I have this theorem and post here a part of the proof:
Let g be greater than 1. Then each integer a greater than 0 can be represented uniquely in the form
a = c_0 + c_1g + ... + c_ng^n

where c_n is positive and 0 \le c_m < g for 0 \le m \le n.
Proof: We prove the representability by induction on a.
For a = 1, we have n = 0 and c_0 = 1.
Take a greater than 1 and assume that the theorem is true for 1, 2, ... , a - 1. Since g is larger than 1, the numbers g^0, g^1, g^2, ... form an increasing sequence, and any positive integer lies between some pair of successive
powers of g. More explicitly, there is a unique n > 0 such that gn \le a < g^{n + 1}.
By Theorem:
If a is positive and b is arbitrary, there is exactly one pair of integers q, r such that the conditions
b = qa + r, 0 \le r < a,
hold.

there are unique integers c_n and r such that
a = c_ng^n + r, 0 \le r < g^n.

Here c_n > 0, since c_ng^n = a - r > g^n - g^n = 0; moreover, c_n < g because c_ng^n \le a < g^{n+1}.
...

I don't understand something in the last phrase.
From a = c_ng^n + r, I obtain
c_ng^n = a - r \Rightarrow c_ng^n = c_ng^n +r- r \Rightarrow 0 = 0
so how can I obtain c_n > 0?

And also c_n < g, I think that it has been obtained from g^nn \le a < g^{n + 1} as written above in the proof, but I don't understand why consider c_ng^n \le a < g^{n+1}

many thanks.

jacksmack

Posts: 54
Joined: Wed Mar 21, 2012 2:18 am UTC
Location: Italy

### Re: Radix representation by induction.

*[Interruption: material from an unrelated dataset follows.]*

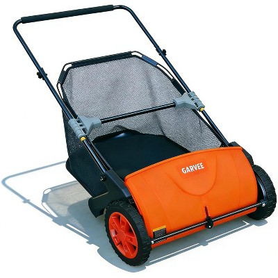 Manual Push Lawn Sweeper 21in , Yard Leaf Debris Collector with 3.5 Cu. Ft. Collection Bag for Lawns & Driveways, Foldable Storage Design,Light Blue
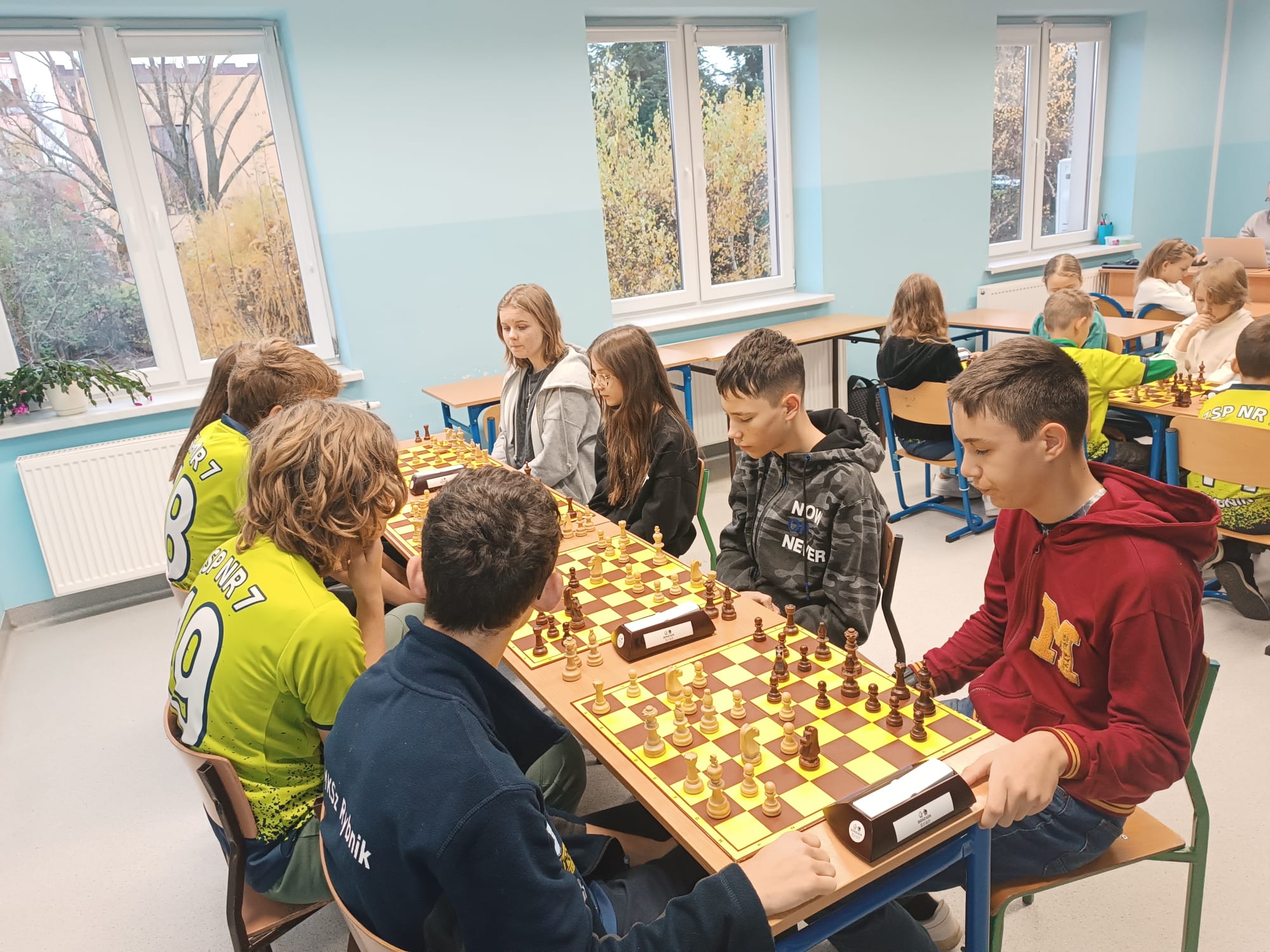 Dziś miały miejsce rejonowe rozgrywki szachowe z najlepszą szkolną drużyną szachistów z Rybnika, w których nasza drużyna szachistów z klas 7-8, a właściwie z klasy 7B zwyciężyła! Drużyna w składzie: Mikołaj P., Mateusz K., Nadia D. oraz Paulina R. pokazała świetną klasę swoich umiejętności i z wielkim spokojem, opanowaniem i skupieniem rozegrała 2 mecze, w których w jednym zwyciężyła, a w drugim zremisowała, co ostatecznie dało jej zwycięstwo . Teraz czeka naszych uczniów finałowy etap Szkolnych Mistrzostw Województwa Śląskiego, który odbędzie się już 26.11.2024 w Częstochowie. Serdecznie gratulujemy i już na zapas trzymamy kciuki za ich przyszły sukces!

jacksmack wrote:so how can I obtain c_n > 0?
You have to read his explanation.

We already know that a >= gn. (This is how we chose n in the first place.) We also know that r < gn. Therefore, a - r > 0. But a-r is also equal to cngn, so cngn > 0, and that means gn > 0.

Does that make sense?
jacksmack wrote:I don't understand why consider c_ng^n \le a < g^{n+1}
Well, because that's how you prove it. We know cngn <= a, because of how we defined cn. And we know a < gn+1. Therefore, cngn < gn+1, and dividing both sides by gn we have cn < g.

If you have an alternative proof, maybe it is correct also, but I encourage you to write it down in detail so that we can find out.
++\$_
Mo' Money

Posts: 2370
Joined: Thu Nov 01, 2007 4:06 am UTC

### Re: Radix representation by induction.

ok it's clear now!
Now I continue to post the proof:
If r = 0, then
a = 0 + 0 \cdot g + ... + 0 \cdot g^{n-1} + c_ng^n

whereas if r is positive, the induction hypothesis shows that r has a representation of the form
r = b_0 + b_1g + ... + b_tg^t,

where b_t is positive and 0 \le b_m < g for 0 \le m \le t. Moreover, t < n.
Thus
a=b_0 + b_1g + ... + b_tg^t + 0 \cdot g^{t+1} + ... + 0 \cdot g^{n-1} + c_ng^n,

where the terms with coefficient zero occur only if t + 1 < n. Now use the induction principle.
...

So it's clear that if r=0 when I replace r with zero in a=c_ng^n+r, I obtain a = 0 + 0 \cdot g + ... + 0 \cdot g^{n-1} + c_ng^n.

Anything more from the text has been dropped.